John the Ripper (JtR) is a password cracker originally developed for UNIX based systems 1996 has been published. Using this essential pen testing tool, you can check password strength and crack encrypted (or hashed) passwords using brute force methods or dictionary attacks.
The tool is available in both a GNU licensed and a proprietary version – moreover, on GitHub a community-based “Jumbo” variant is also available for download. Recommended for security professionals second version: It features performance optimizations and has additional features such as multilingual dictionaries and support for 64-bit architectures on board.
This article tells you how John the Ripper works, what possibilities the tool offers to crack passwords and shows you how you can work with it in practice with an example guide.
Like most other password crackers, John the Ripper works in three basic ways:
Dictionary attack: Dictionaries or password lists serve as resources. The tool will enter any existing password and try to extract the correct ID from it.
Brutal Attack: In this type of attack, John the Ripper needs some configuration parameters, such as the minimum and maximum password length, the type of characters it contains (only letters, letters and numbers, letters, numbers and special characters), and the order of the search. Finding the ideal brute force configuration requires a certain level of expertise. Once the configuration is complete, John the Ripper will test all possible password combinations based on this and notify you if successful. This process can be very effective, but also extremely time consuming: it can: last more than 9 yearsto crack a password consisting of nine characters (numbers, letters and special characters).
Rainbow tables: Applications that value security do not store passwords in plain text. Instead, you convert the IDs into hash files. Rainbow table attacks, which compare such lists to precomputed data pools to convert the identifiers back into the correct plain text format, are particularly recommended when large lists of hashed passwords are available. Compared to brute force attacks, rainbow table attacks usually promise faster cracking success – unless they’re encrypted (“salted“) hash files.

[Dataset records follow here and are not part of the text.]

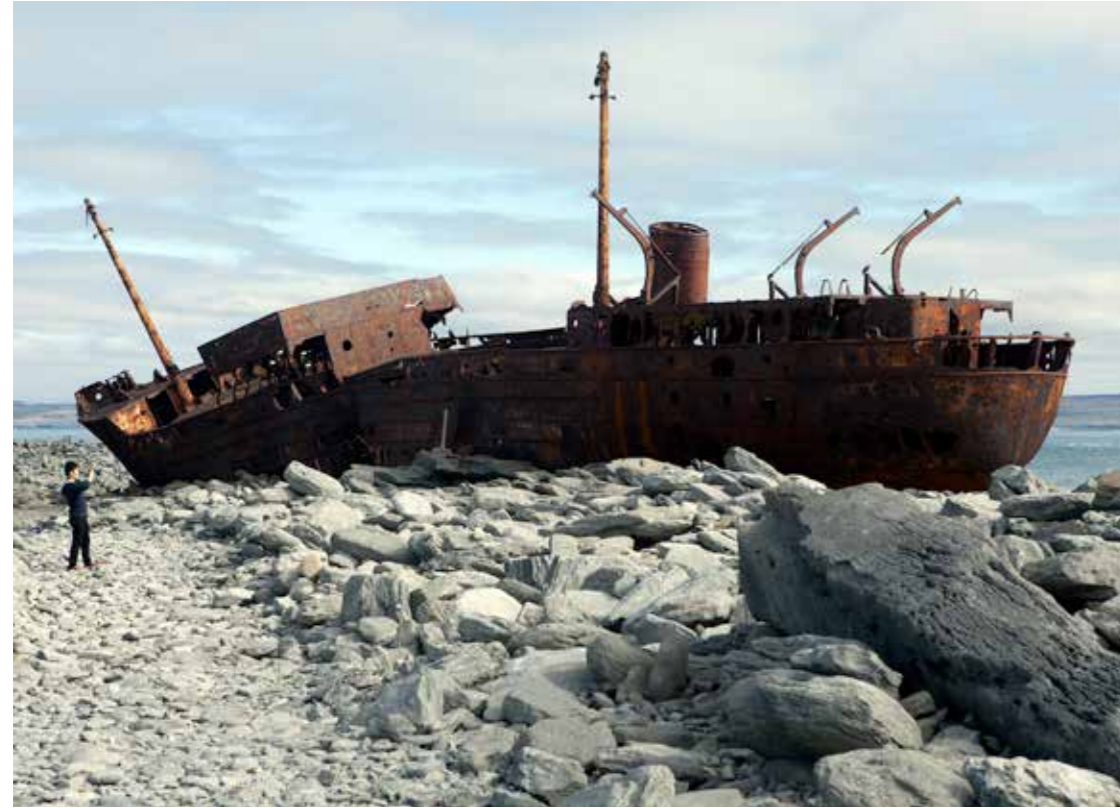
"Inisheer", 2015. 60 x 80 cm.
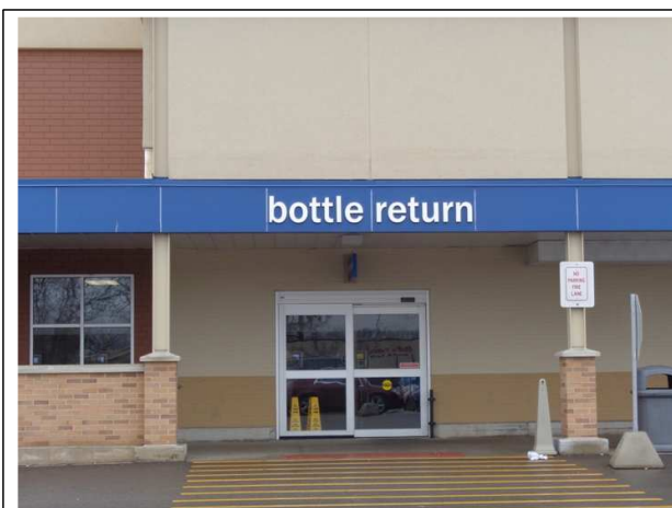
- 재활용품 반납실 입구
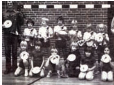
MINI-MIX-holdet 1980 / 81 med sejrspæmierne fra Gladsaxe Cup
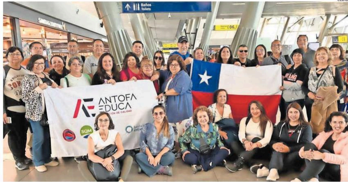
PROFESORES Y DIRECTORES DE 20 ESTABLECIMIENTOS EMPRENDIERON RUMBO AYER A FINLANDIA.

De esta manera, los especialistas europeos capacitarán a la comitiva local y mostrarán en terreno los principales avances en materia educativa. Los mismos expertos visitaron
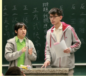
2018/2/3二天的比賽更吸引眾多友校同學及辯論界人士共同聆聽參與，也感謝自延平畢業的辯論社校友們，為籌備比賽、裁判事務投入眾多心力。

更吸引眾多友校同學及辯論界人士共同聆聽參與，也感謝自延平畢業的辯論社校友們，為籌備比賽、裁判事務投入眾多心力。比賽最終由麗山中學演辯社榮獲亞軍，謝秉諭、陳茵琪同學為優秀辯士。 (活動組長 蕭政宏)
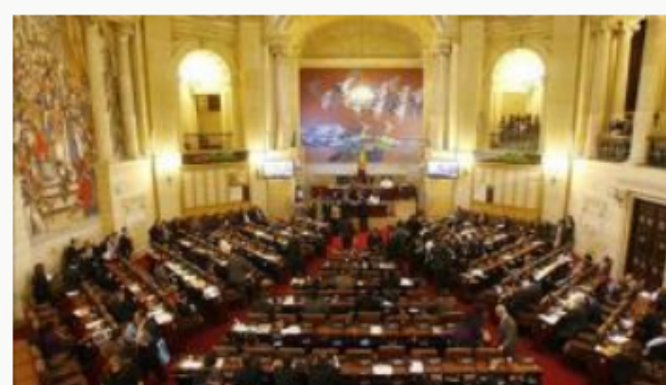
En el Congreso revivieron las 16 curules de paz
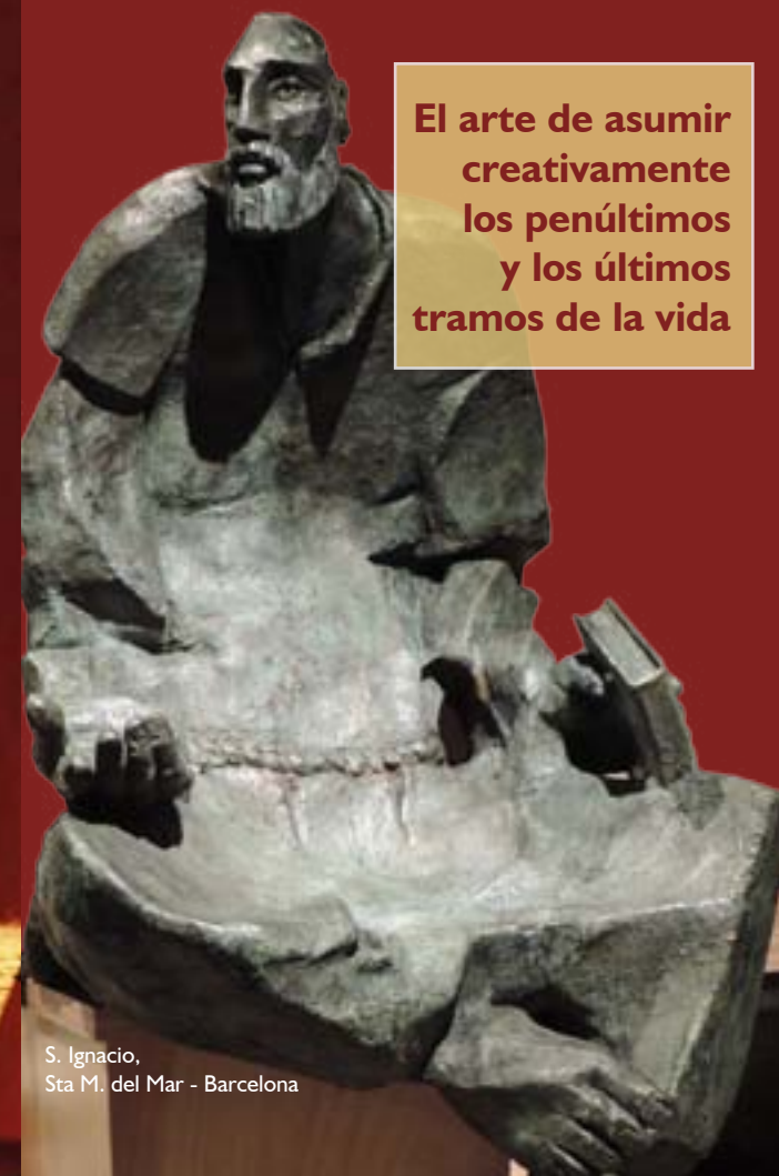
S. Ignacio, Sta M. del Mar - Barcelona

El arte de asumir creativamente los penúltimos y los últimos tramos de la vida
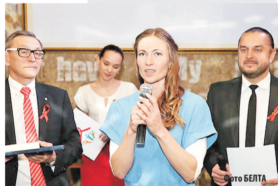
Дарья ДОМРАЧЕВА участвует в национальной акции, приуроченной к Международному дню памяти умерших от СПИДа.

Экспертный совет Информационной стратегии по ВИЧ/СПИДу в Беларуси впервые вручал благодарности тем,
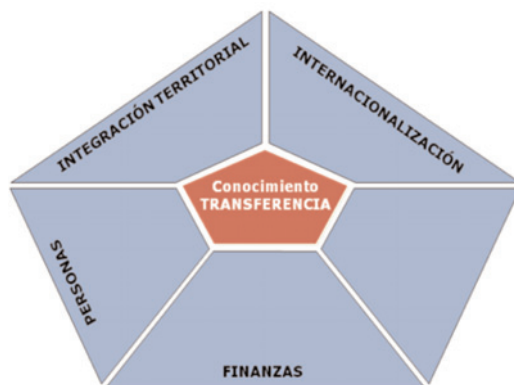
Ilustración 1. Ejes de la Estrategia Estatal de innovación, E2i

En este sentido, el Programa "Extremadura-in" alinea el catálogo de acciones vinculadas al presente vehículo de financiación con los Ejes constitutivos de la Estrategia Estatal de Innovación (E2i), centrándose en el Eje "Finanzas" pero alcanzando, con la totalidad de las acciones que posteriormente se desarrollan, el resto de Ejes. Además, este Programa ha sido elaborado tomando como base los objetivos y los sectores estratégicos de la política regional de I+D+i, desarrollada a través del Plan Regional de I+DT+i.
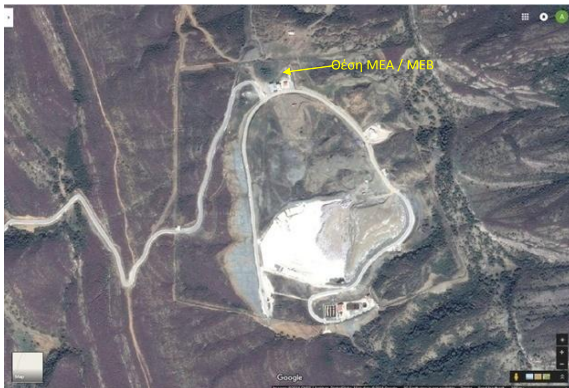
Εικόνα 1: Αεροφωτογραφία του ΧΥΤΑ 2ης Δ.Ε.Ν. Αιτ/νίας και θέση της Μονάδας Επεξεργασίας Απορριμμάτων (ΜΕΑ) και Μονάδας Επεξεργασίας Βιοαποβλήτων (ΜΕΒ).

Οι διαγωνιζόμενοι πρέπει να σχεδιάσουν το έργο εντός της διαθέσιμης έκτασης, λαμβάνοντας υπ' όψη το ενδεχόμενο άσκησης του δικαιώματος της προαίρεσης επέκτασης των εγκαταστάσεων εντός του χρόνου κατασκευής. Η Προμελέτη των έργων Προαίρεσης δίνει ενδεικτικά τέτοια λύση πιστοποιώντας την επάρκεια του χώρου.
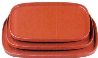
[A] 新小判盆 総朱塗 81131-809 尺2寸 1,550円 50入 (36.5×27.8×2cm) 81132-809 尺3寸 1,850円 40入 (39.2×30×2cm) 81133-809 尺4寸 2,200円 40入 (43×32.8×2cm)
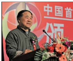
▲今年年初，莫言出任本报主办的“中国首届网络文学大奖赛”颁奖嘉宾，并发表演讲。（资料片）
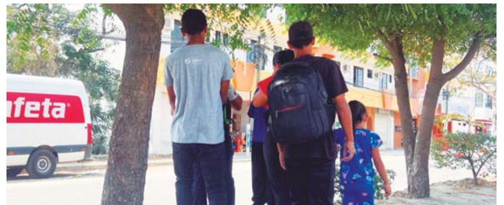
► Van en busca de mejores condiciones de vida.
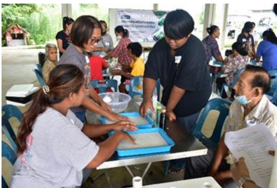
Figure 6 Learning Activities on Growing Vegetables in a New Way through the Participation of Network Partners (กิจกรรมการเรียนรู้วิถีปลูกผักสมัยใหม่ผ่านการมีส่วนร่วมของภาคีเครือข่าย)
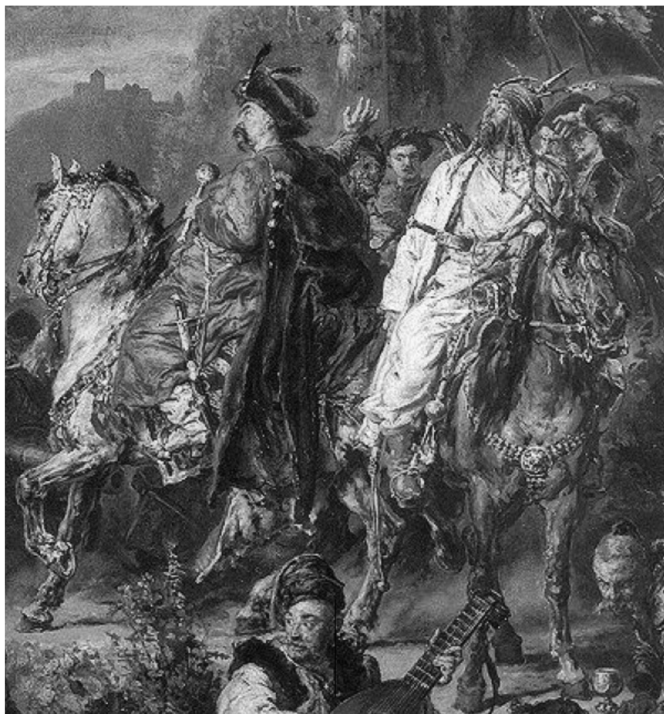
Jan Matejko, 1885 r., obraz, olej na desce, 130 x 79 cm, Muzeum Narodowe, Warszawa

Bohdan Chmielnicki z Tuhaj-Bejem pod Lwowem.
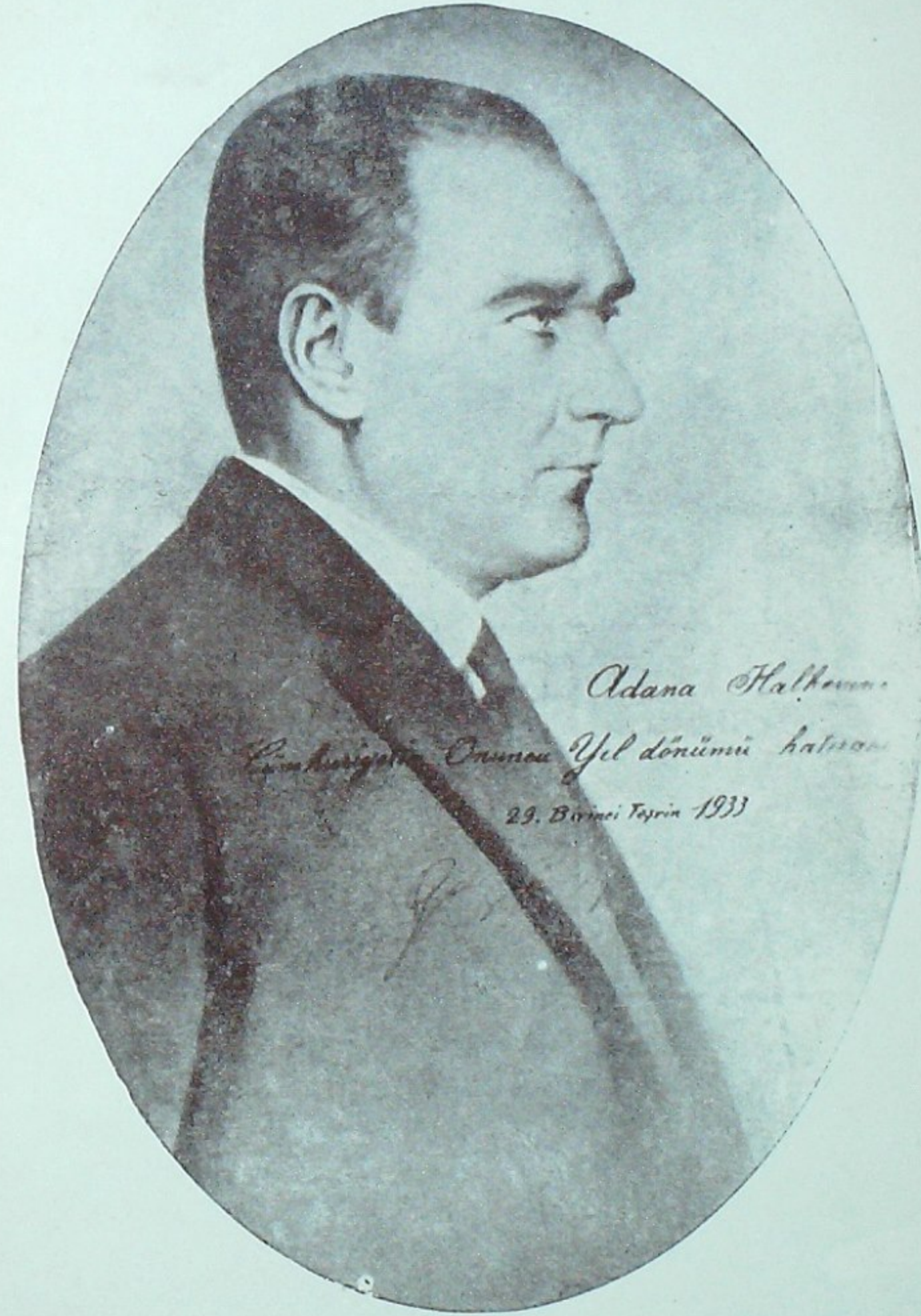
Cumhuriyetimizin Bânisi Ebedî Şef ATATÜRK
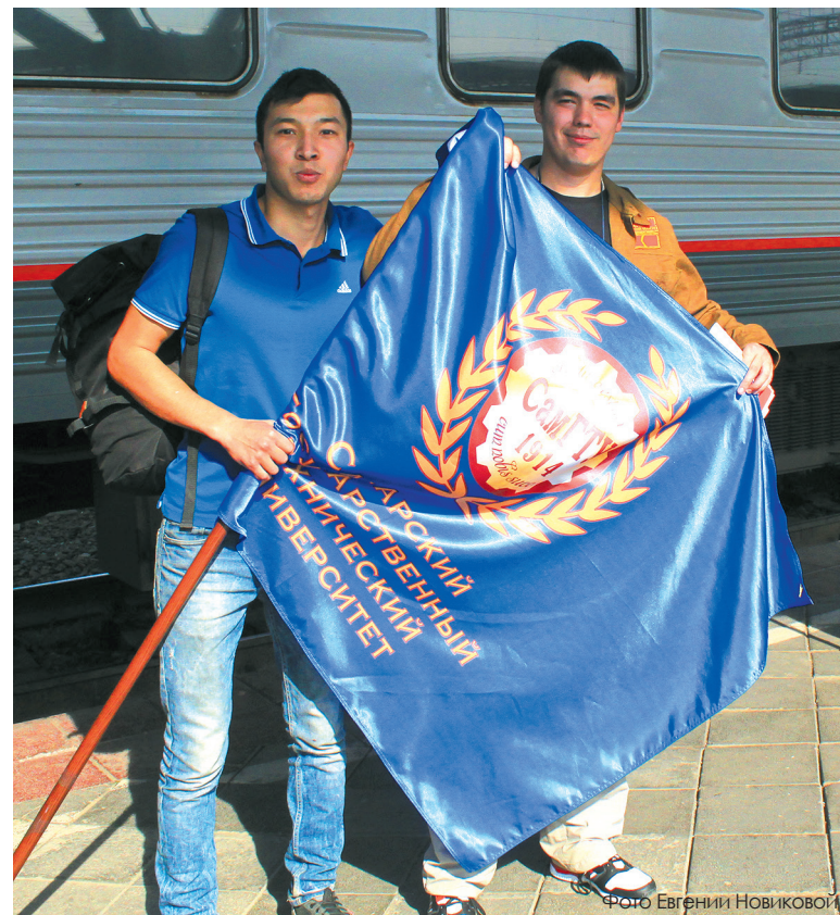
Флаг СамГТУ участники стройотряда взяли с собой на Дальний Восток.
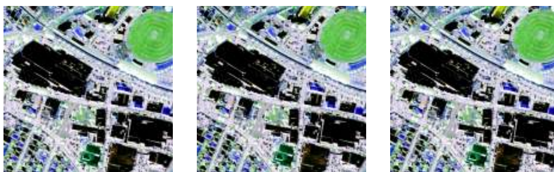
Рисунок 4 – Изображение, полученное после преобразования Gram – Schmidt: а) - метод ближайшего соседа; б), в) – кубическая конволюция

John the Ripper brings three different operating modes: Of:
Single crack mode: The creators of John the Ripper recommend this mode as it is considered the fastest. The single crack mode works with the information from UNIX passwd files. This is especially effective when the username is known or easy to guess (e-mail addresses, for example).
Glossary Mode: Text files or password lists that you have created yourself can be used with this method (ideally one password per line and no duplicates). JtR also comes with some default lists (the proprietary version offers the largest selection), but doesn’t automatically sort the existing passwords. However, this can be done manually relatively easily:
Tr A-Z a-z < SOURCE | sort -u > TARGET
Incremental mode: This mode is JtR’s equivalent of brute force, so it can become an extreme waste of time – or never end, depending on the complexity of the password being cracked.
In addition, JtR also offers a custom remote mode providing.
A detailed use case on the tool’s official website focuses on a UNIX “shadow” file containing passwords for user and system accounts in the hash format contains. Newer UNIX-based distributions store a list of usernames and other information in a different path than the corresponding hash files. Therefore, the first step with John the Ripper is to merge the two files. This works with the following command:
unshadow /etc/passwd /etc/shadow > mypasswd
umask 077 ensures that the newly created “mypasswd” file is fully privileged and works with JtR. The easiest way to run the file in autopilot mode is via
This initially unleashes the single crack mode on the newly created mypasswd file. If the cracking fails, the second step is Wordlist mode (with the preset defaults and lists). When all else fails, John the Ripper eventually switches to incremental mode. You can also cancel the session at any time and continue at a later time with the following command:
Here’s a full list of usage examples – you can get the “official” John the Ripper manual with the command
man john to see. Before getting “serious”, it is recommended to use the tool according to their preferences configure.
John the Ripper is one of the most popular password crackers for a reason: its selection of free open source versions and strong community support make JtR an essential part of any pentester toolkit.
This post is based on an article from our US sister publication, CSO Online.